## [Exercise directions]
Pictures left aside, return the lines below exactly, from the one with "Новая хлопковая детская" to the end, including both ends.

## [Collected data]
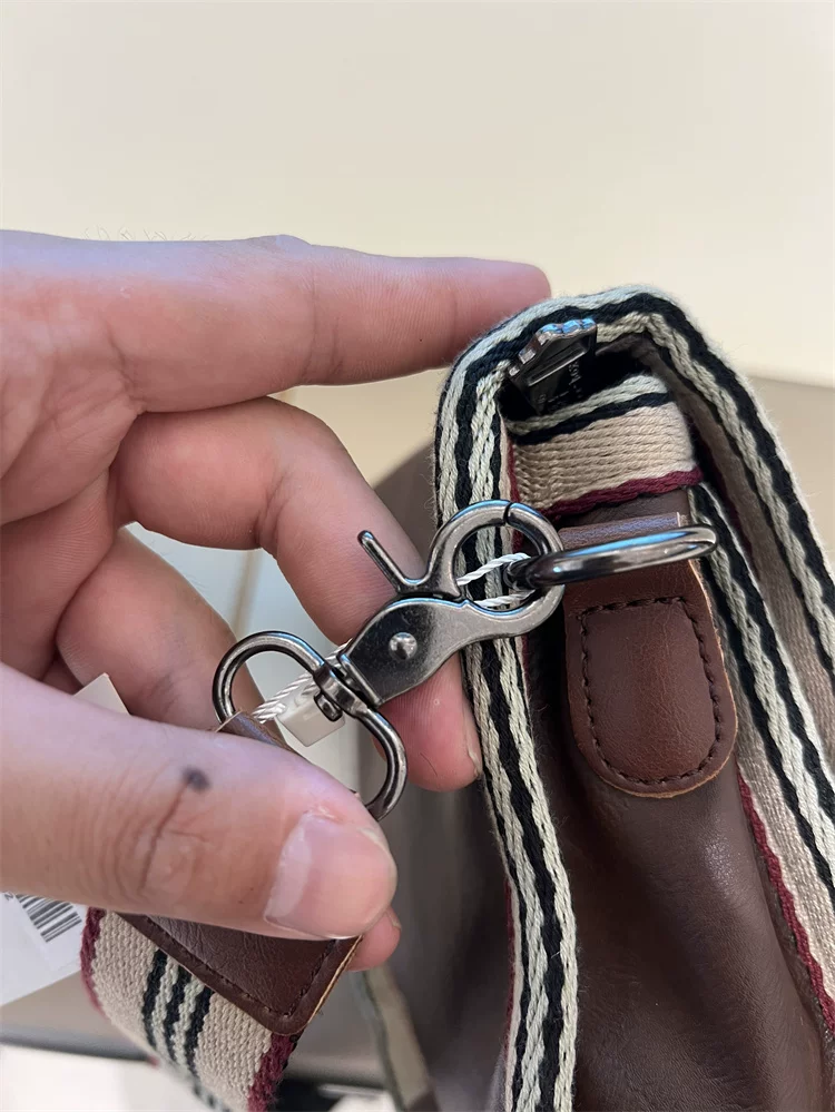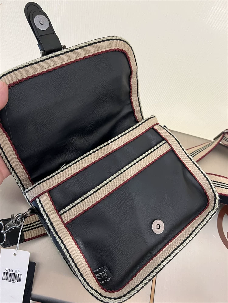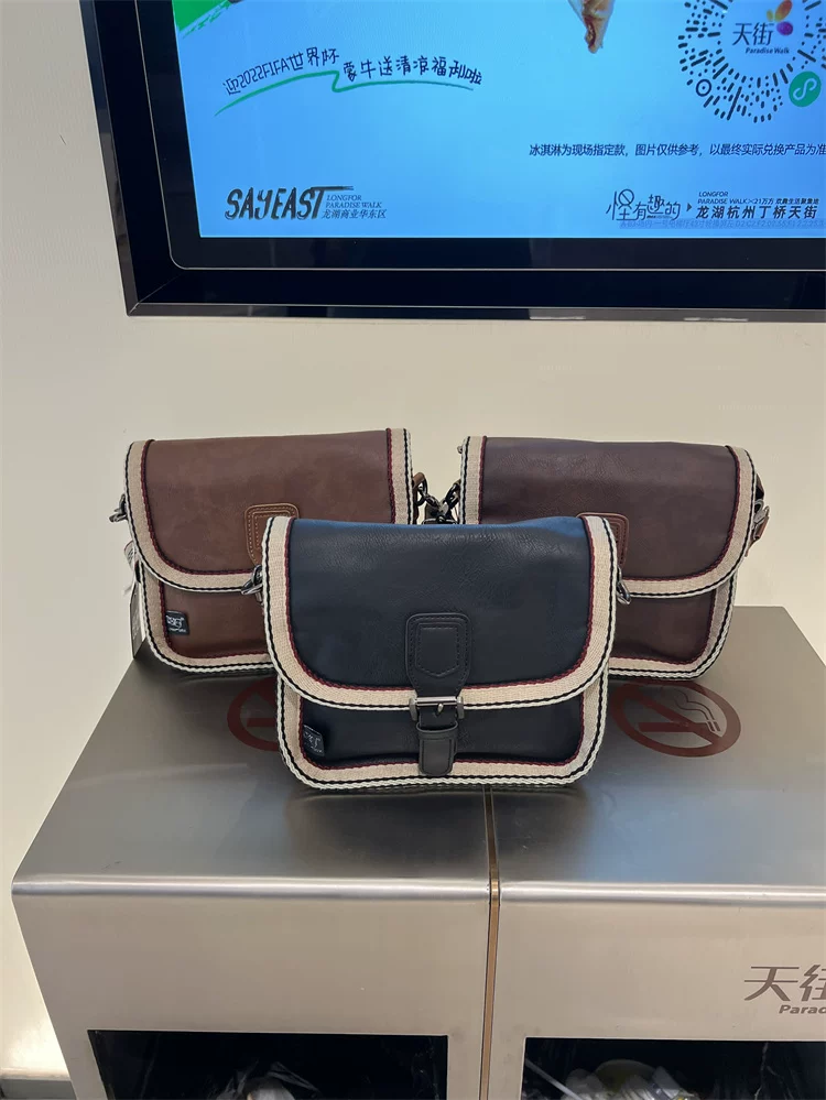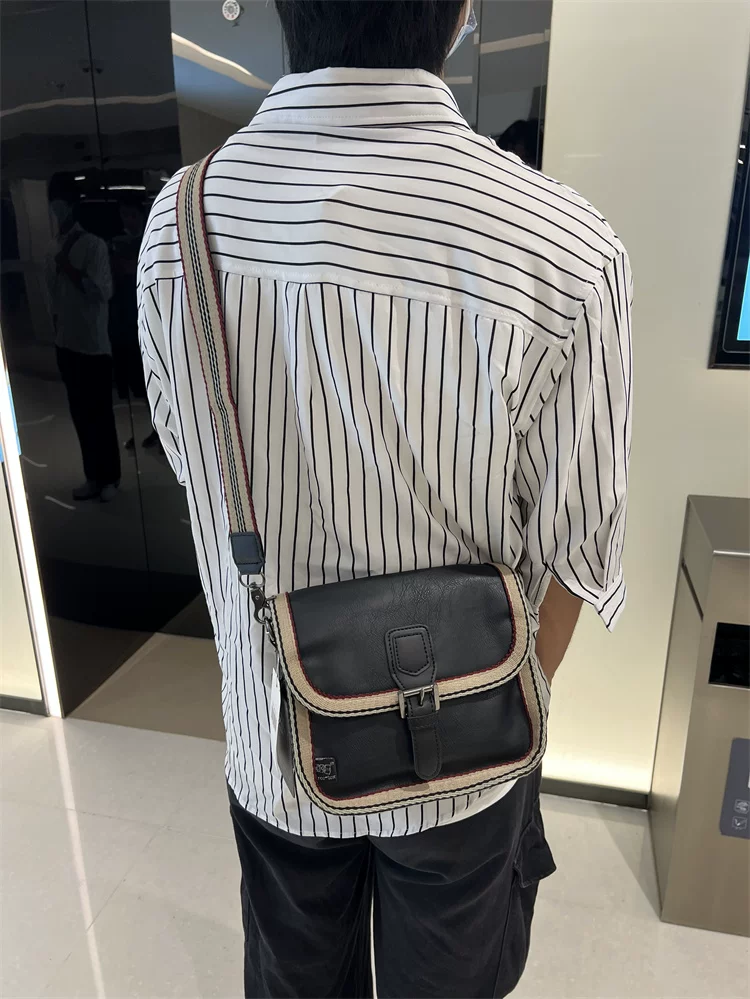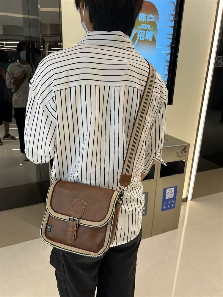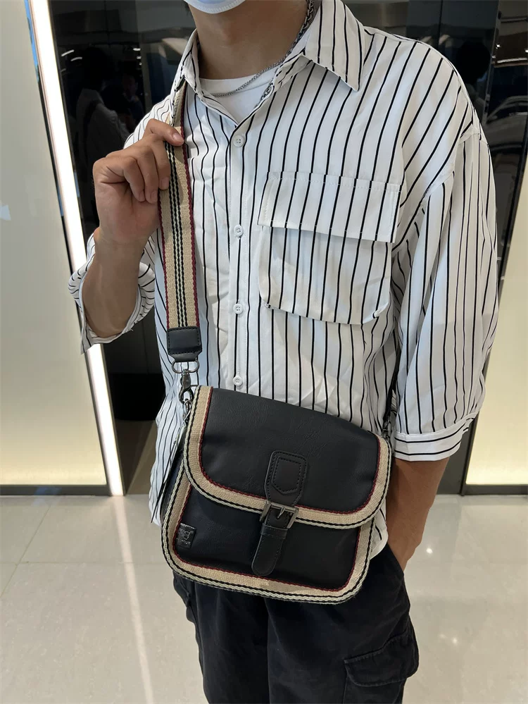 - Túi đeo chéo nhỏ sọc thời trang Threebox dành cho nam giới, phong cách retro giản dị, túi đeo vai bằng da mềm kiểu Nhật Bản và Hàn Quốc có khóa, túi xách nữ
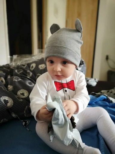 Новая хлопковая детская шапка и шарф, комплект детских шапок с милыми ушками, высокие шапочки
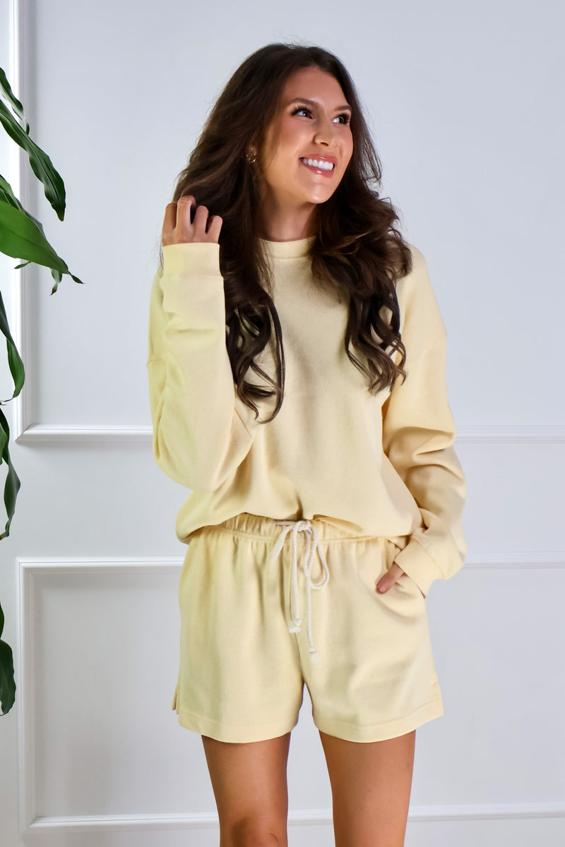 Evelyn Soft Knit Pullover and Shorts Set : Lemon
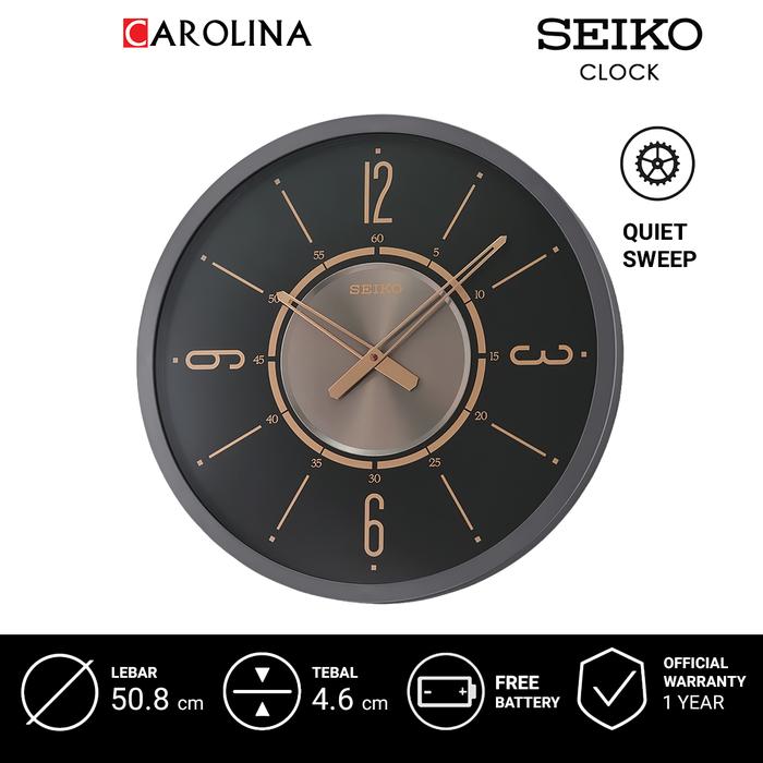 JAM DINDING SEIKO ANALOG QXA759K QUIET SWEEP GREY COLOUR BLACK DIAL DECORATOR WALL CLOCK

## [Answer box]
 Новая хлопковая детская шапка и шарф, комплект детских шапок с милыми ушками, высокие шапочки
 Evelyn Soft Knit Pullover and Shorts Set : Lemon
 JAM DINDING SEIKO ANALOG QXA759K QUIET SWEEP GREY COLOUR BLACK DIAL DECORATOR WALL CLOCK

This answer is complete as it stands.